__Input material__:
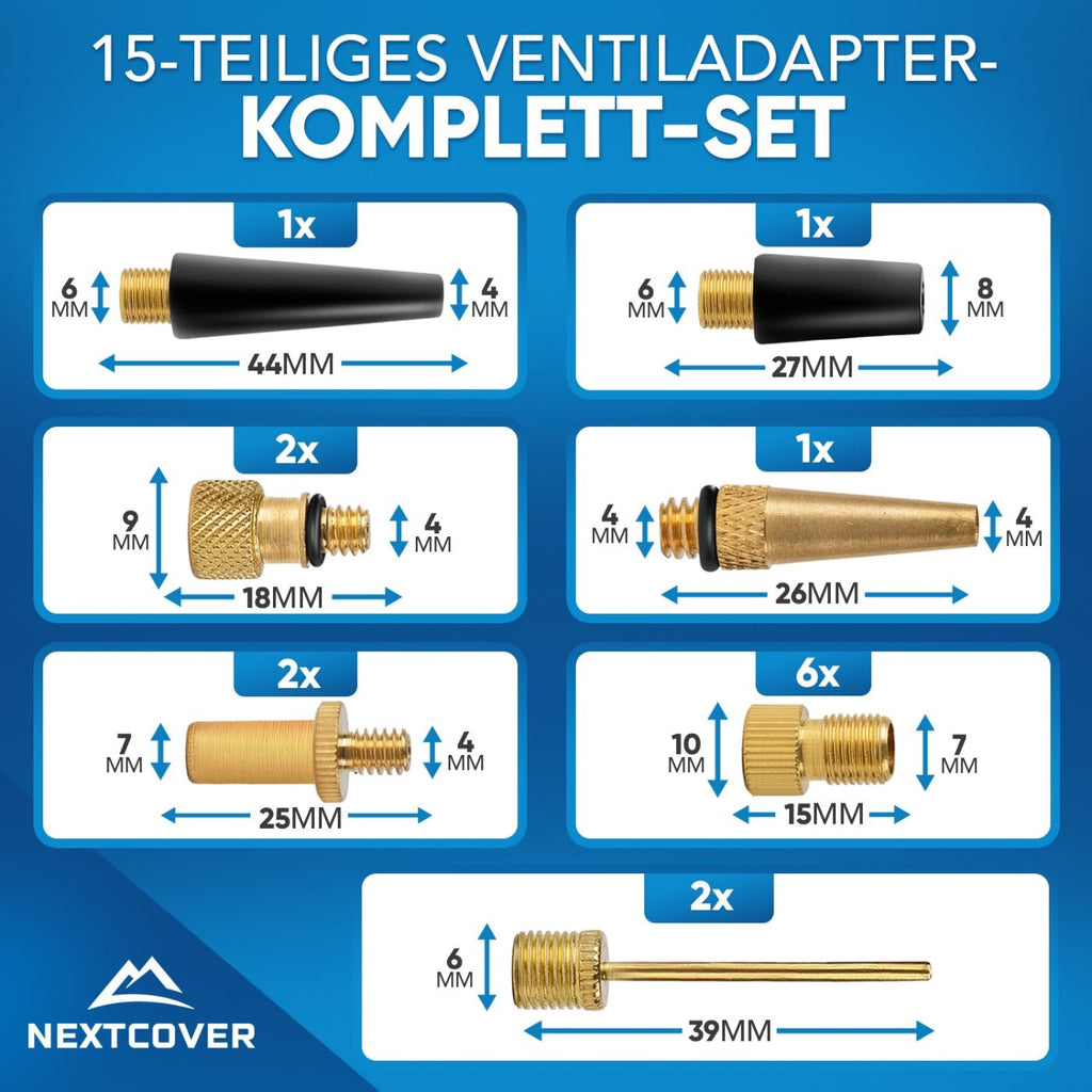 Mit 10 hochwertigen Adaptern für die gängigsten Ventilarten (DV, AV, SV) sowie 2 Ballnadeln und 3 Kegeladaptern für Luftmatratzen und Ballons bist du jederzeit optimal gerüstet.
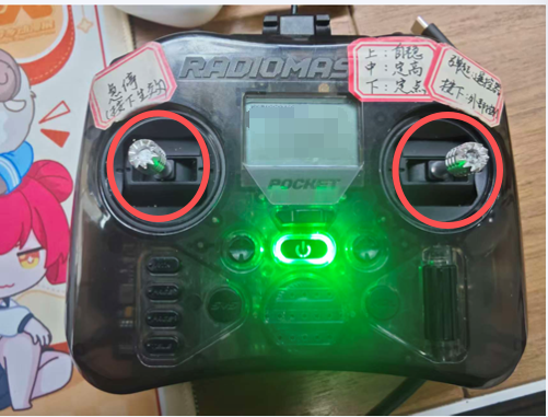 7.根据图标提示将遥控器摇杆往各个方向移动。
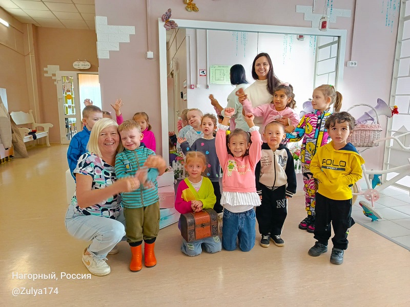Программу для них подготовили и провели работники ДК «Кварц». Дети разгадывали загадки и тем самым определяли станции, где находилось задание. Правильно его выполнив, они получали загадку к следующему этапу. Таким образом им пришлось пройти 4 станции, чтобы узнать, где прячется заветный сундучок со сладостями, который спрятал для них Буратино. Участники составляли цифры в правильном порядке, отгадывали сказки по картинкам, собирали буквы из фрагментов конструктора Лего, составляли словосочетания.
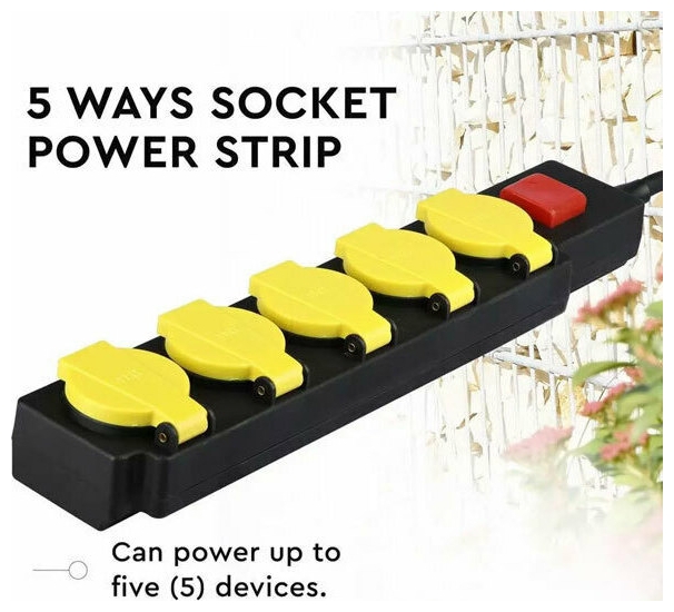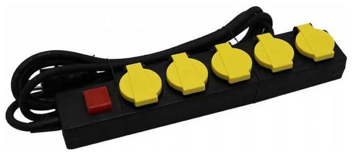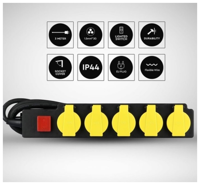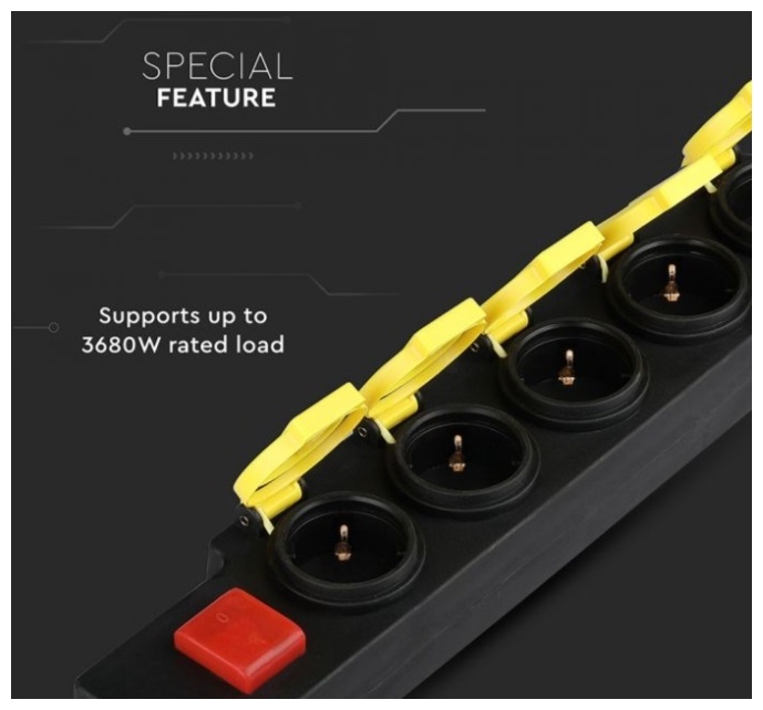 V-TAC Πολύπριζο Σούκο 5 Θέσεων με Καπάκια Αδιάβροχο IP44 3m Καλώδιο και Διακόπτη Μαύρο-Κίτρινο
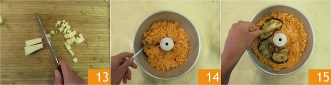 Coupez ensuite le caciocavallo en cubes 13 et réservez-le. À ce stade, huilez le fond d'un moule à couronne d'environ 9 cm de hauteur, de 20 cm de diamètre à la surface et de 23 cm à la base, puis tapissez-le de chapelure. De cette façon, vous n'aurez pas de difficulté à démouler la couronne. Versez environ la moitié du riz à l'intérieur 14, en tassant bien avec une cuillère. Ensuite, placez au centre du riz la moitié des aubergines frites 15,
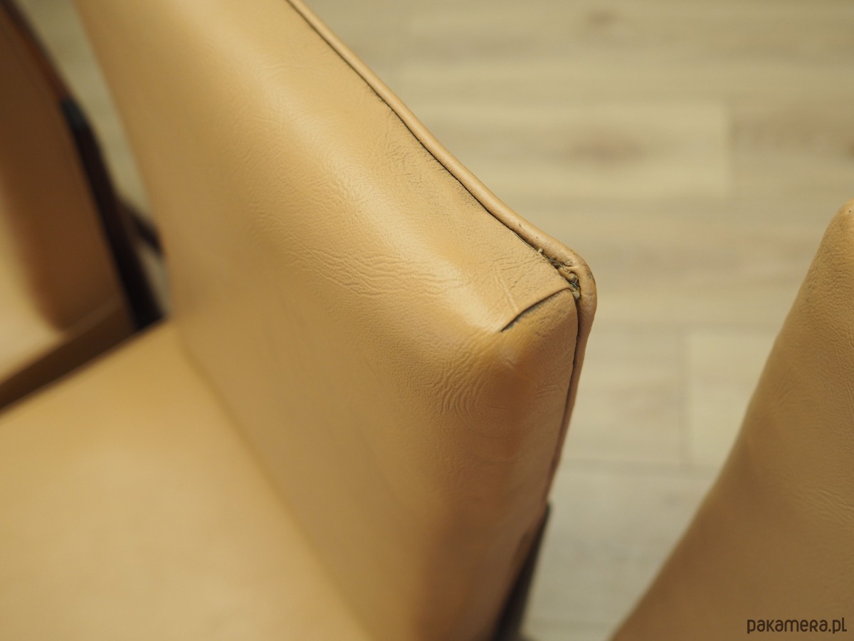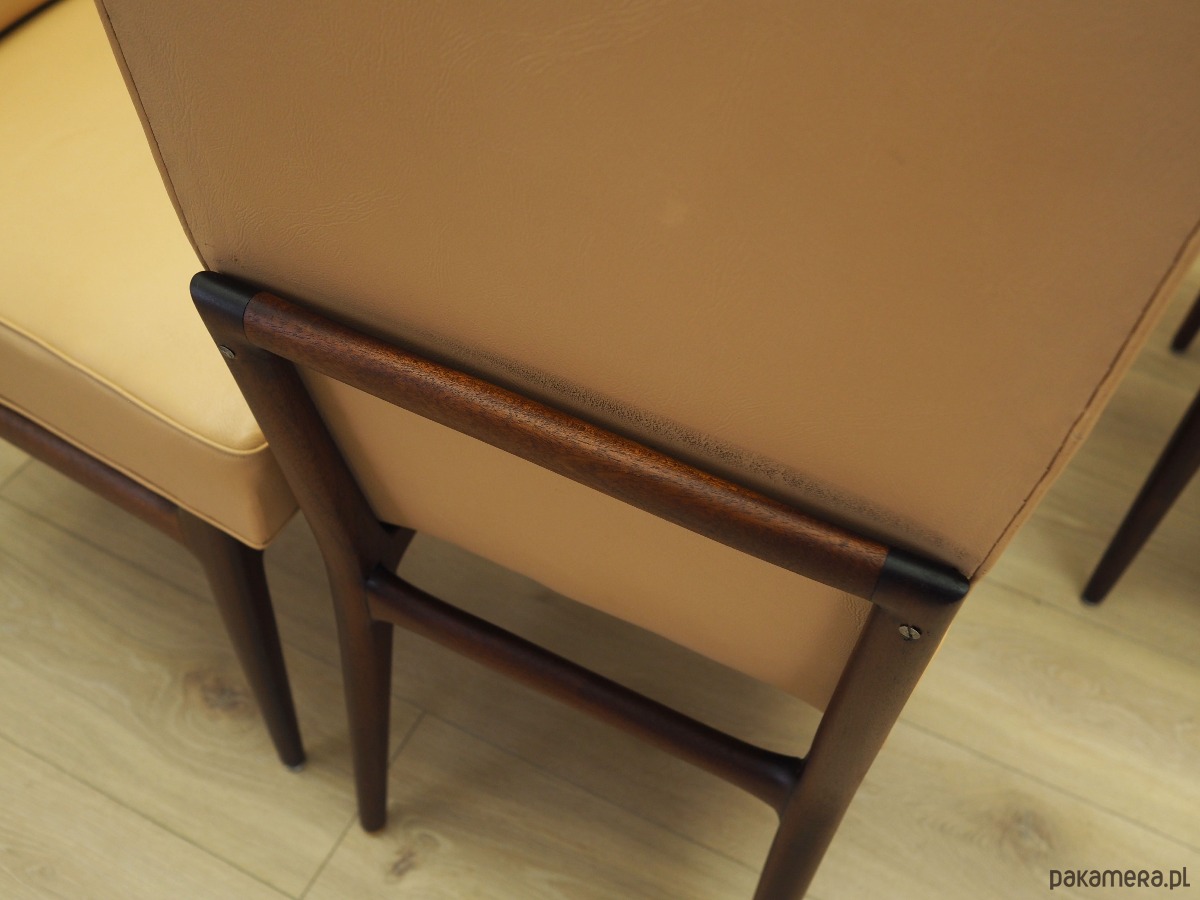 Konstrukcja wykonana jest z drewna mahoniowego. Drewno po renowacji. Krzesła posiadają oryginalną tapicerkę. Tapicerka została wykonana w kolorze beżowym, wykorzystana została wysokiej jakości ekoskóra.

__What to work on__: From the line containing "Coupez ensuite le" down to the end of the data above, reproduce each line exactly; no pictures.

__Answer section__:
 Coupez ensuite le caciocavallo en cubes 13 et réservez-le. À ce stade, huilez le fond d'un moule à couronne d'environ 9 cm de hauteur, de 20 cm de diamètre à la surface et de 23 cm à la base, puis tapissez-le de chapelure. De cette façon, vous n'aurez pas de difficulté à démouler la couronne. Versez environ la moitié du riz à l'intérieur 14, en tassant bien avec une cuillère. Ensuite, placez au centre du riz la moitié des aubergines frites 15,
 Konstrukcja wykonana jest z drewna mahoniowego. Drewno po renowacji. Krzesła posiadają oryginalną tapicerkę. Tapicerka została wykonana w kolorze beżowym, wykorzystana została wysokiej jakości ekoskóra.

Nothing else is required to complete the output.